How to Use Cooking Oils

Certain types of cooking oil are best when used for specific styles of healthy recipes, or when you're preparing certain foods. Think about the flavor of the oil, and consider what it might best complement. For instance, nutty cooking oils go well in rich pasta dishes with grilled meats, while a lighter olive oil is a good complement to fish sautéed with herbs. Sesame oil tastes great in an Asian-inspired dish and lightly drizzled on top of an Asian salad.

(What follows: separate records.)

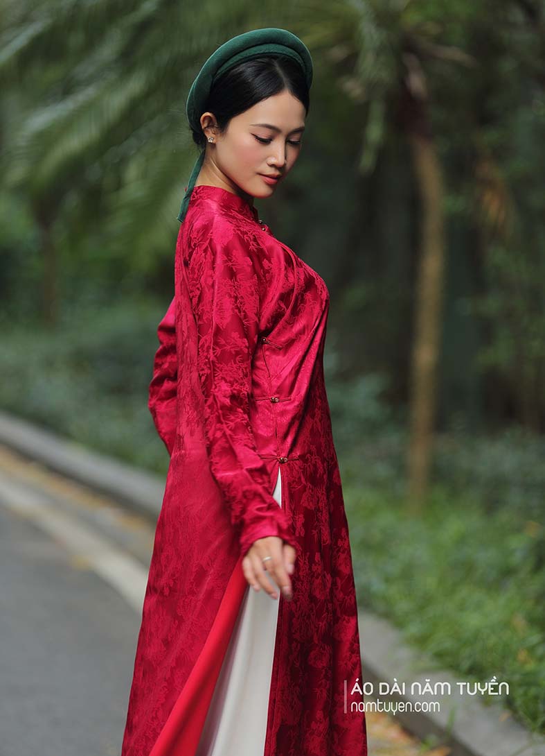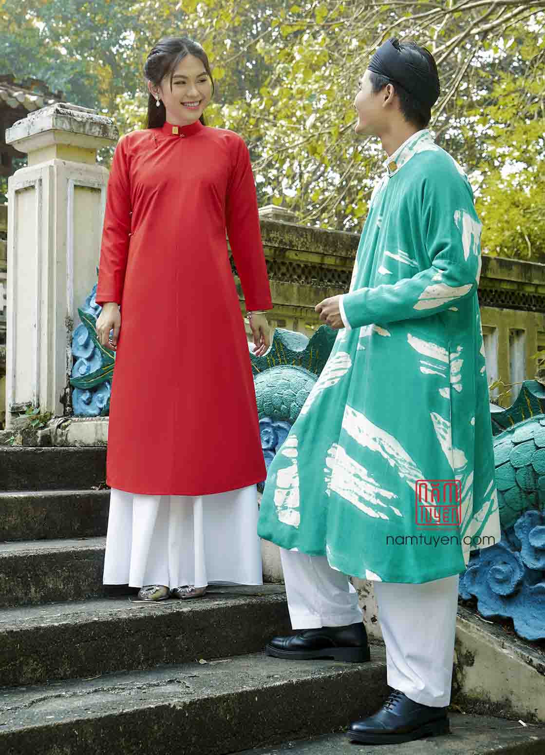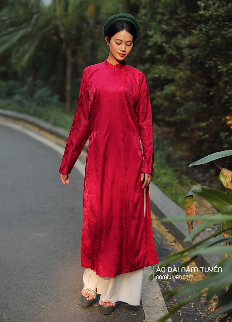 Áo ngũ thân đỏ đô 2 tà rời – lựa chọn trang phục truyền thống dành cho nữ
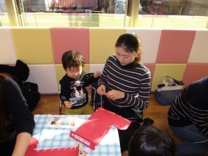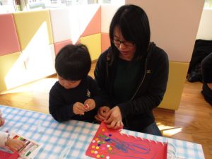 お歌を歌ったり、くつ下の製作でお絵描きやひも通しをしたり![]()
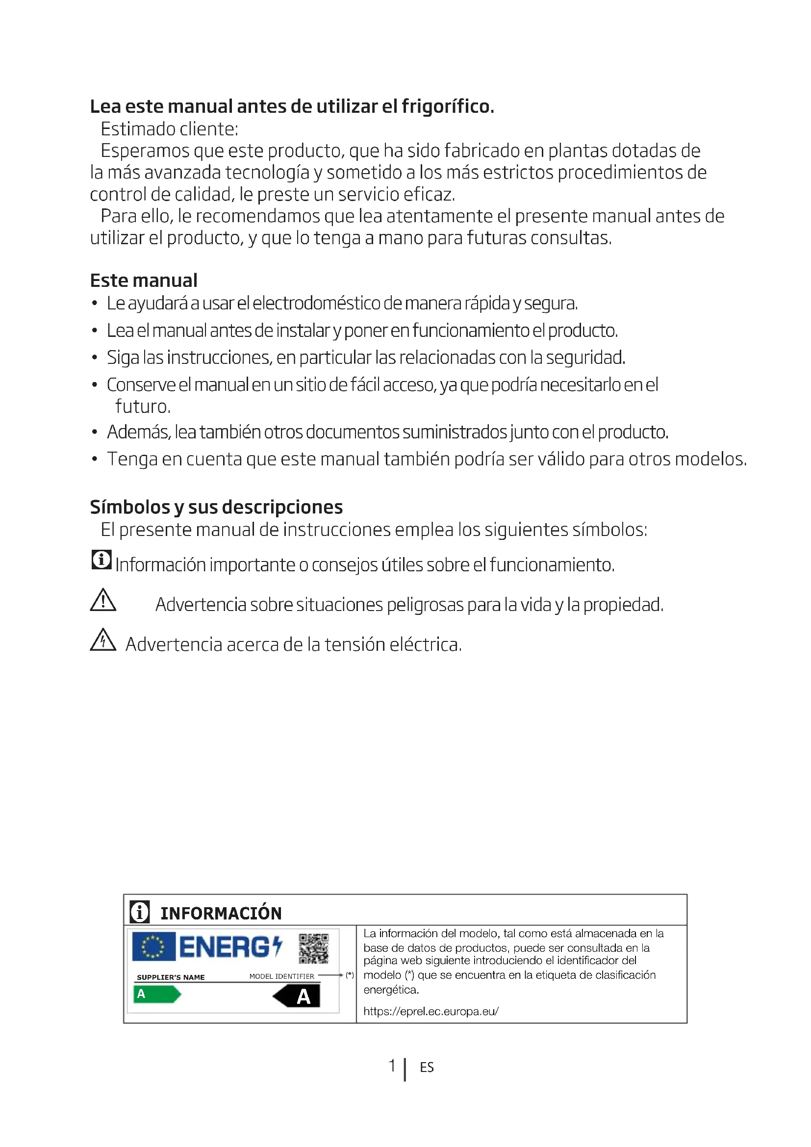 Lea este manual antes de utilizar el frigorífico. Estimado cliente: Esperamos que este producto, que ha sido fabricado en plantas dotadas de la más avanzada tecnología y sometido a los más estrictos procedimientos de control de calidad, le preste un servicio eficaz. Para ello, le recomendamos que lea atentamente el presente manual antes de utilizar el producto, y que lo tenga a mano para futuras consultas. Este manual
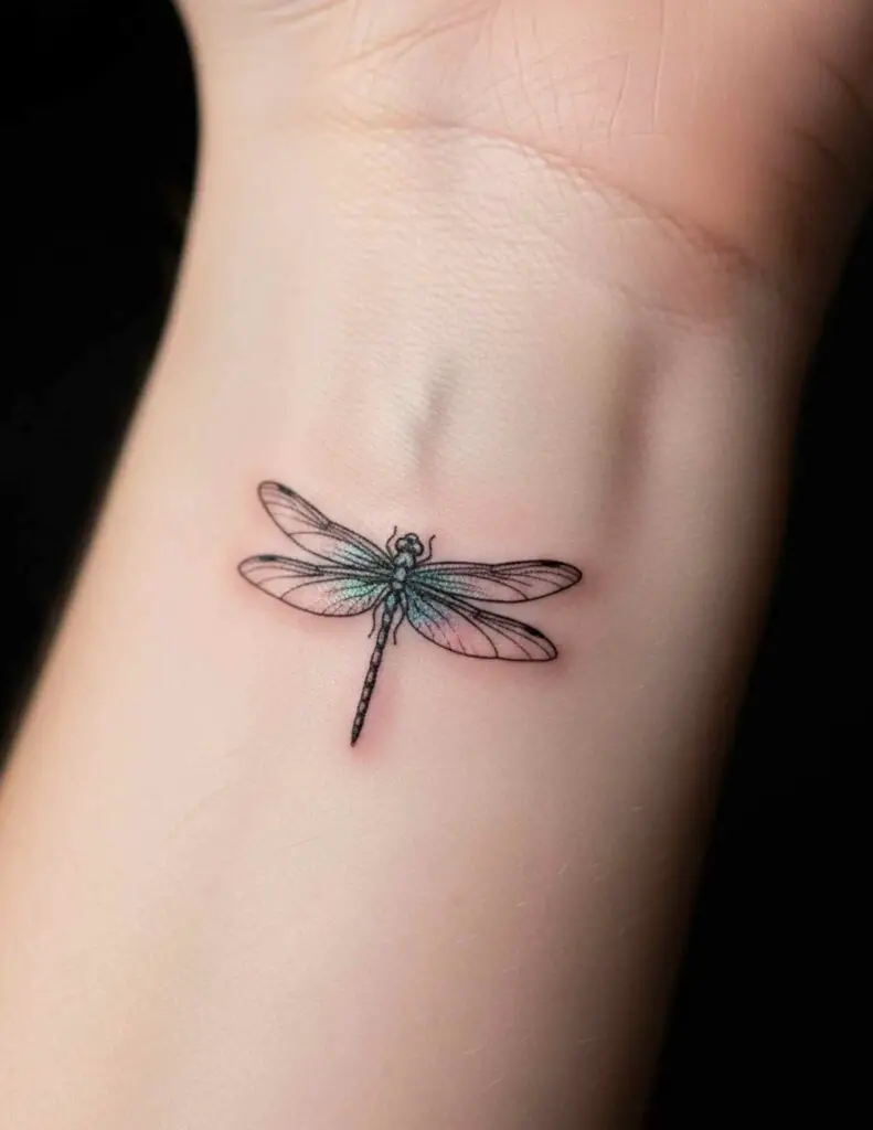 A tiny dragonfly in fine line, the four wings rendered in delicate detail at small scale. The dragonfly carries associations with change, adaptability, and the lightness that comes from understanding that most things are transient. On the inner wrist it becomes a daily reminder of that quality.

Healthy Alternatives to Cooking Oil

You don't always have to cook in oil — there are other options that are even lighter and healthier. Try these alternatives:


Lightly coat your pan with cooking spray rather than adding liquid oil

Bake by wrapping food in parchment paper or aluminum foil to steam it and keep it moist

Use broth, such as a low-sodium vegetable, beef, or chicken variety, as a cooking medium and sauce base

Steam food above boiling water

Season food with lemon juice for a citrusy flavor

Marinate or cook with balsamic vinegar for a tangy, rich flavor

A variety of heart-healthy cooking oils can give your meal great flavor. Experiment with light sautés or marinades; if you avoid frying foods or using heavy amounts of oil, nut or vegetable oil adds taste and valuable nutrition to any meal. Just. And remember: A little oil goes a long way.